You may have overlooked this when buying eggs in the past, but it’s time to start paying attention. Don’t feel bad if this is news to you, agribusiness works hard to disconnect you from your food source. It’s time to change, it’s time to get back in touch.
How eggs should look
You know the eggs at the store that are all the same size, shape, and color? I don’t consider this a good thing. At first, farm fresh eggs grossed me out a little. They are usually different sizes, shapes, and a few different colors. Sometimes there may be a little gunk or remnants of feathers stuck to them. Now I know this is something to be appreciated. It means the farmer has nothing to hide and is more concerned with quality than appearance.
You may have noticed that there can be variation in the color of an egg’s yolk. If a yolk is a deep orange, this is a good indicator that it came from a healthy hen. Healthy, free-range hens typically have a more diverse diet, and an opportunity to eat pigmented foods. The pigment is then transferred to the yolk.

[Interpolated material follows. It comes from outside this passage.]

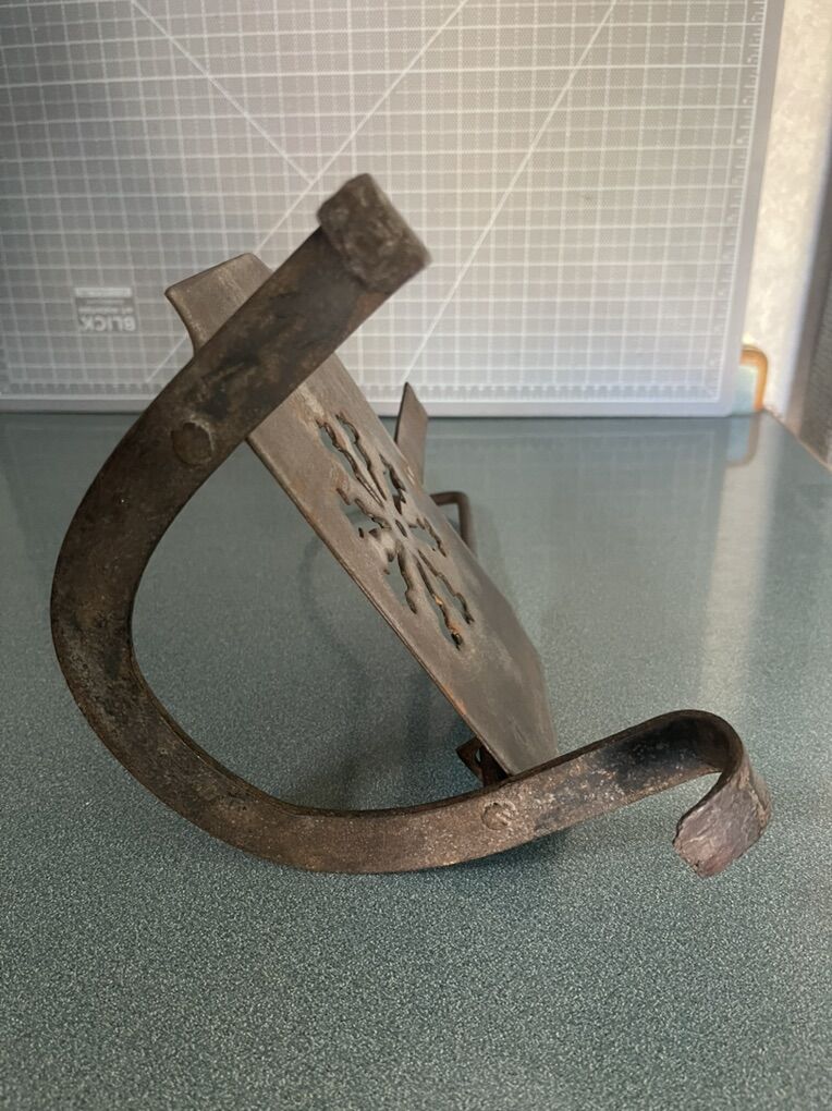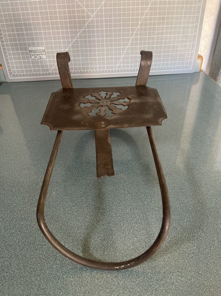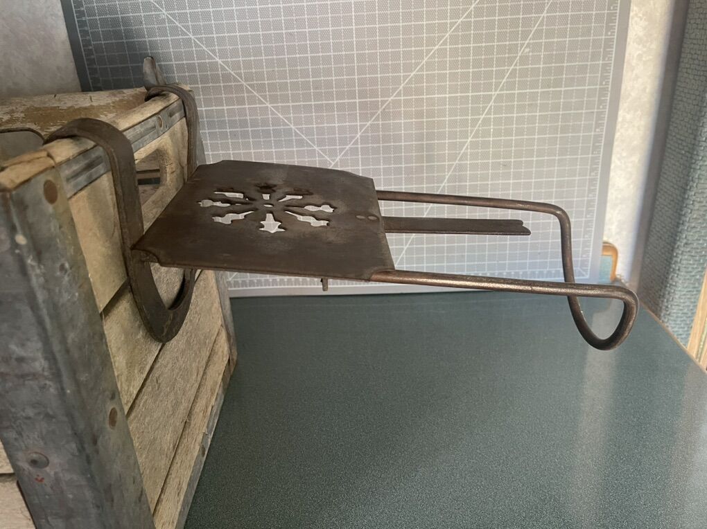 Wrought iron “trivet toaster” was hung on a bar in the hearth and one could heat a pan food, a kettle or even a sad iron.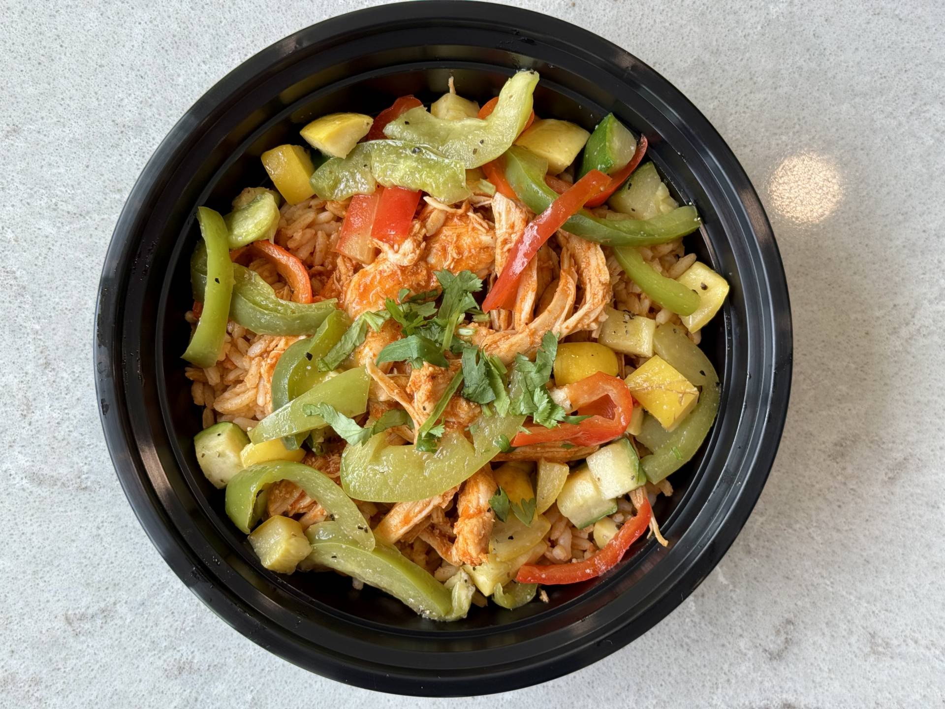 Shredded Chicken cooked in Guajillo Sauce, Original Rice, Zucchini, Peppers, Yellow Squash, Cilantro

Steer clear of yolks that are a dull yellow or even grayish in color. It most likely came from a hen raised in a tiny cage – stuffed alongside several others – fed a poor diet.
How to tell if eggs are old
When you’re buying fresh eggs from a farmer, you typically won’t see an expiration date printed on the carton. Matt and I learned a few tricks to determine approximately how old an egg is. These tricks are especially useful if purchasing eggs from the store since they’re most likely older than a farm-direct egg.
Gently place your egg in a cold bowl of water. If your egg:
- sinks to the bottom and lies on its side, it is very fresh, just a few days old.
- sinks to the bottom but one end tilts up on an angle, it’s about 1 week old.
- sinks to the bottom and stands up on end, it’s about 2 weeks old.
- floats to the top, it’s an old egg, throw it out.
Keep your eyes peeled
Most farmers selling eggs will only have a small sign to advertise, making them a little difficult to find. On a lazy Sunday afternoon, go for a country drive and see if you can spot a few. Have your list of questions ready and only buy from farmers giving the answers you’re looking for. Buying locally will ensure a better price, and you’ll have the advantage of being more informed about where your food is coming from. If you’re not into Sunday drives, ask around at work for any leads on fresh eggs, or check Craigslist. I have discovered coworkers selling eggs at all of my jobs in the last 10 years! And when we moved to a new city we found several folks selling quality eggs on Craigslist.
If you live in a big city where it’s difficult to find a farm or farmer, all hope for good farm-fresh eggs is not lost. Big cities usually have a better selection of health food stores where local eggs are sometimes sold (i.e. food co-ops). Lift the lid and look for the size, shape, and color variety that distinguishes them from others.
We love our eggs, but we love our egg farmers even more. We have built great relationships with people we purchase eggs from and learned so much about local food in the process. We challenge you to get out and put a little work into finding good food sources!